Stable updates: there have been no stable updates in the last week, and none are in the review process as of this writing.

Comments (3 posted)

Quotes of the week

Basically, [checkpatch is] OK as a tool that draws ones attention to a subset of code that might or might not be worth looking at; it gives both false positives and false negatives and as long as there's not too much of those, it's useful. Provided that it does *not* replace one's taste. I.e. "hey, it points to these lines; let's take a look, some of those might be worth some attention", rather than "The Most Holy Oracle Has Spoken; Do What It Says".
Al Viro

There's literally 1 million checkpatch 'failures' in the kernel source code, do we really want to clean them all up, waste reviewer and maintainer bandwidth and pretend that those 1 million extra cleanup commits are just as valuable as the 'other' work that goes on in the kernel?
Ingo Molnar

Some time wasted on that, but I learnt a valuable debugging technique:

    #undef EINVAL
    #define EINVAL __LINE__
Hugh Dickins

Comments (7 posted)

Kernel development news

Foo over UDP

By Jonathan Corbet
October 1, 2014
Tunneling protocols are increasingly important in modern networking setups. By tying distant networks together, they enable the creation of virtual private networks, access to otherwise-firewalled ports, and more. Tunneling can happen at multiple levels in the networking stack; SSH tunnels are implemented over TCP, while protocols like GRE and IPIP work directly at the IP level. Increasingly, though, there is interest in implementing tunneling inside the UDP protocol. The "foo over UDP" (FOU) patch set from Tom Herbert, which has been pulled into the net-next tree for 3.18, implements UDP-level tunneling in a generic manner.

Why UDP? Just about any network interface out there has hardware support for UDP at this point, handling details like checksumming. UDP adds just enough information (port numbers, in particular) to make the routing of encapsulated packets easy. UDP can also be made to work with protocols like Receive Side Scaling (RSS) and the Equal-cost multipath routing protocol (ECMP) to improve performance in highly connected settings. The advantages of UDP tunneling are enough that some developers think it's going to become nearly ubiquitous in the coming years.

Packet encapsulation and tunneling over UDP is a relatively straightforward concept to understand. Suppose a simple TCP packet is presented to the tunneling interface:

[TCP packet]

This packet has the usual IP and TCP headers, followed by the data the user wishes to send. The encapsulation process does something like this:

[Encapsulated TCP packet]

At this point, the packet looks like a UDP packet that happens to have a TCP packet buried within it. The system can now transmit it to the destination as an ordinary UDP packet; at the receiving end, the extra headers will be stripped off and the original packet will be fed into the network stack.

Configuring a FOU tunnel will typically be a two-step process. The transmit and receive sides have been separated, a feature which, among other things, allows asymmetric setups should anybody want them. On the receive side, configuration is really just a matter of setting up a UDP port to be the recipient of encapsulated packets. The new "fou" subcommand is intended for this purpose:

    ip fou add port 5555 ipproto 4

This command sets aside port 5555, saying that packets arriving there will have protocol 4, which is IP encapsulation. Packets received on that port will have the encapsulation removed; they will then be fed back into the network stack for delivery to the real destination.

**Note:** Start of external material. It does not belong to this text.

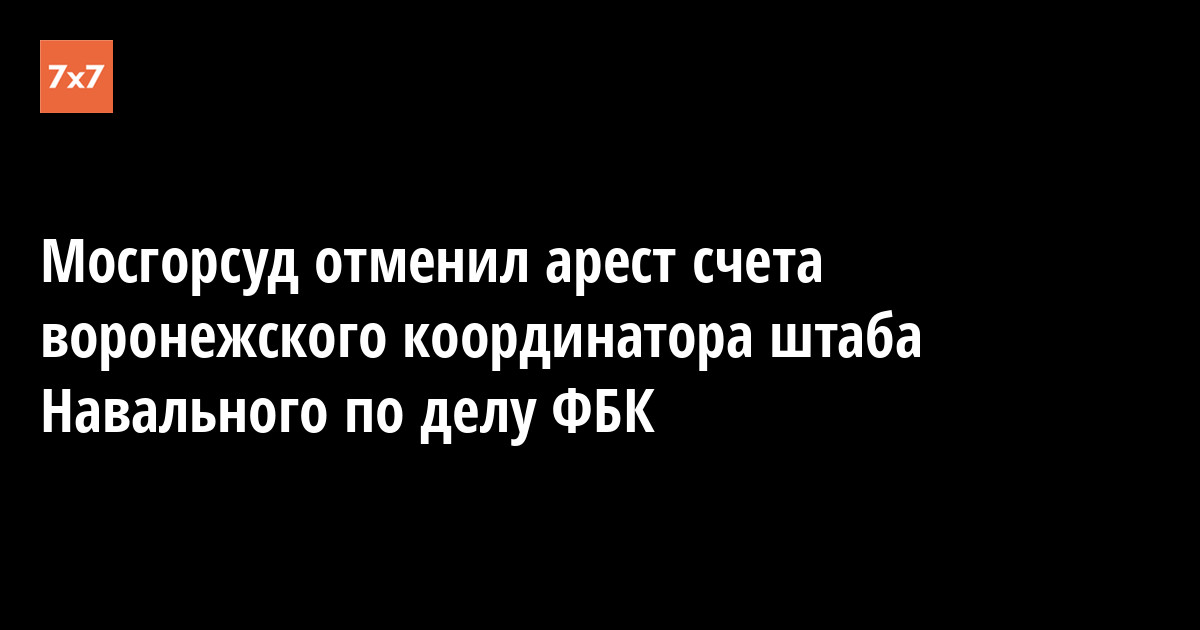 Московский городской суд признал незаконным арест счета воронежского координатора штаба Навального Георгия Бородина. Эту информацию 5 декабря подтвердил «7x7» сам активист.

Things are a little more complicated on the transmit side, since the destination address must be provided and transmission needs to work with existing encapsulation protocols. A typical command might look like:

    ip link add name tun1 type ipip \
       remote 192.168.1.1 local 192.168.1.2 ttl 225 \
       encap fou encap-sport auto encap-dport 5555

This command will set up a new virtual interface (tun1) configured for IPIP encapsulation. The source port for packets is left to the network stack to decide, but the destination port will be 5555. Of course, one has to get the encapsulation protocol to actually use this interface. At the moment, support for doing that has been added to the IPIP, SIT (an IPv4-to-IPv6 tunneling protocol) and GRE (used for virtual private networks) protocols.

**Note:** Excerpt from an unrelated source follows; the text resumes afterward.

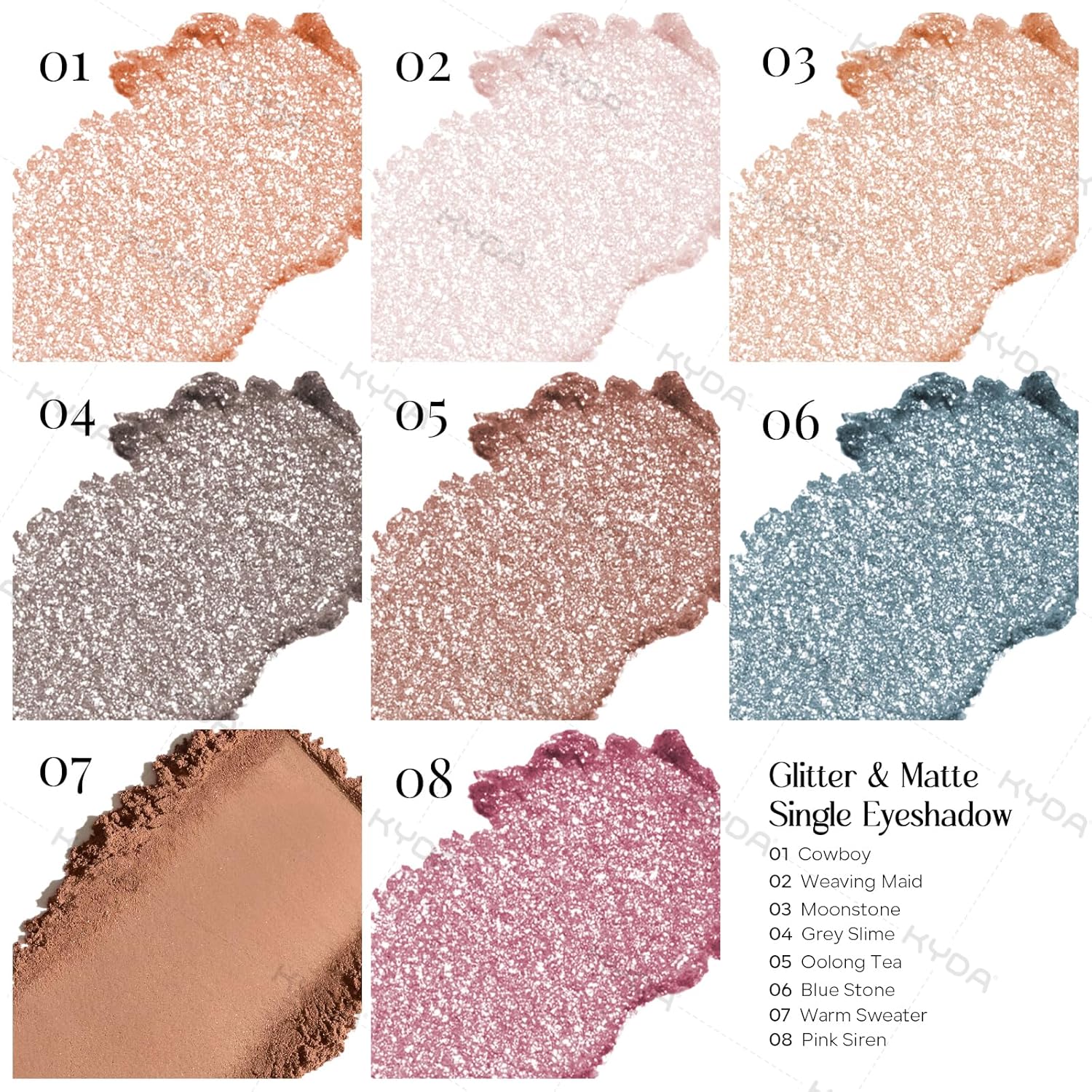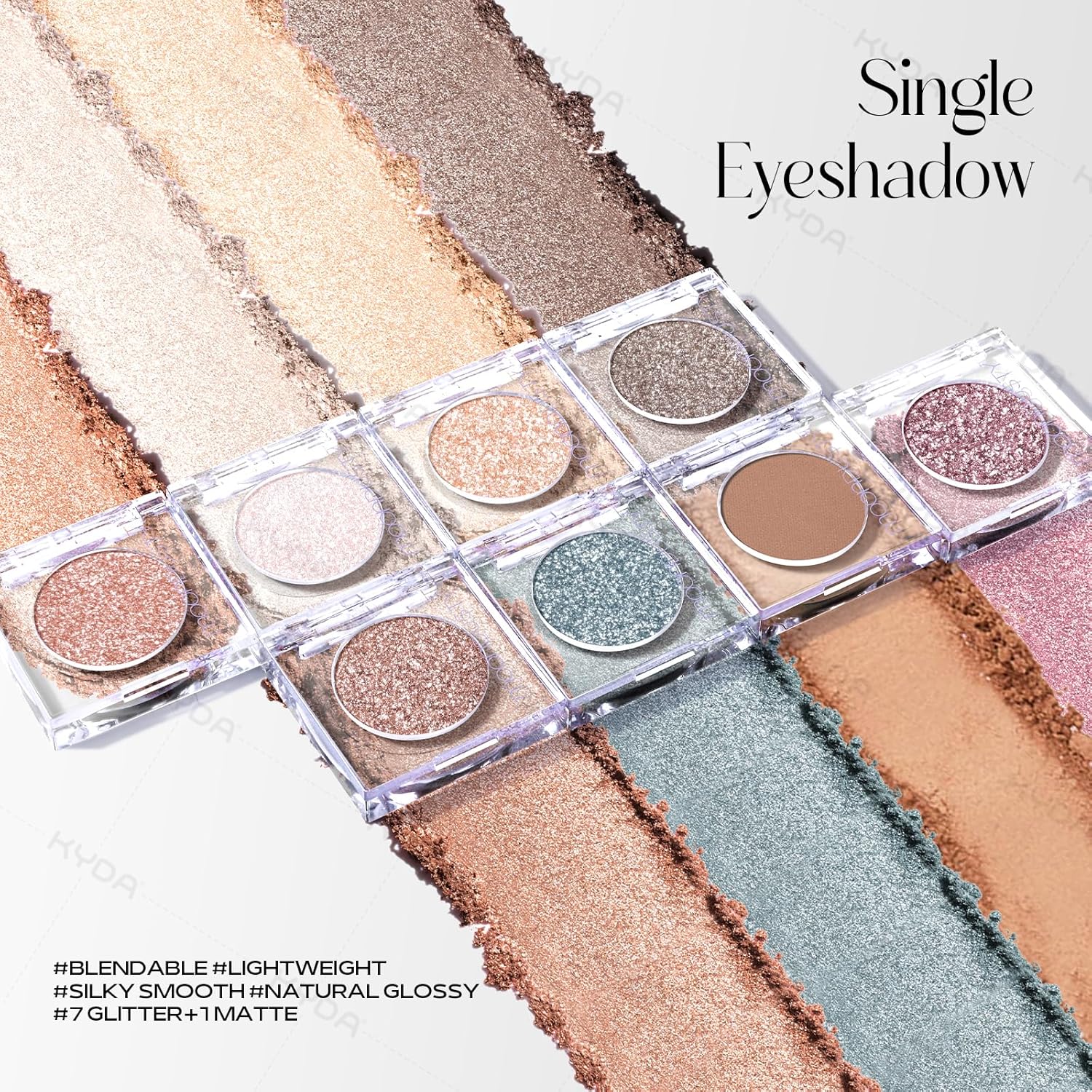 Glitter Single Powder EyeshadowHigh glossy pigment with silky smooth texture powder, we offer endless possibilities for your eyeshadow makeup, suitable for all makeup types

Some numbers posted in the patch set show significant performance increases for the SIT and IPIP protocols; performance with GRE was roughly equivalent to the no-FOU case. So this feature has a clear potential to speed things up by taking advantage of existing optimizations around UDP transmission and receipt. The nice thing is that no special hardware support is required; current hardware can handle UDP just fine. So it is a simple solution that will work on existing systems — and it should be available in the 3.18 kernel release.

Comments (35 posted)

How implementation details become ABI: a case study

By Jonathan Corbet
October 1, 2014
One of the final changes that went into the mainline kernel repository before the 3.17-rc7 release was this fix from Mikhail Efremov. It affects some low-level code within the virtual filesystem layer that manages name changes in the dentry structure — the structure that handles the mapping between file names and in-kernel inode structures. How that change came to be necessary makes a good lesson in how unintended behaviors can become part of the kernel's ABI over time.

The problem

The addition of the renameat2() system call in the 3.15 development cycle brought with it a subtle, unintended change in behavior that is best illustrated by example. On a system running (a hopefully updated version of) Bash, one can type a sequence like the following:

    $ cd /tmp
    $ touch foo bar
    $ exec 42<bar
    $ ls -l /proc/self/fd/42
    lr-x------ 1 corbet lwn 64 Sep 29 13:01 /proc/self/fd/42 -> /tmp/bar

The exec command causes the shell to open bar as file descriptor 42. The output of the ls shows that, indeed, bar is open on that file descriptor. What should happen, though, after the following sequence of commands?

    $ mv foo bar
    $ ls -l /proc/self/fd/42

On a kernel prior to 3.15, the output will look like this:

    lr-x------ 1 corbet lwn 64 Sep 29 13:01 /proc/self/fd/42 -> /tmp/bar (deleted)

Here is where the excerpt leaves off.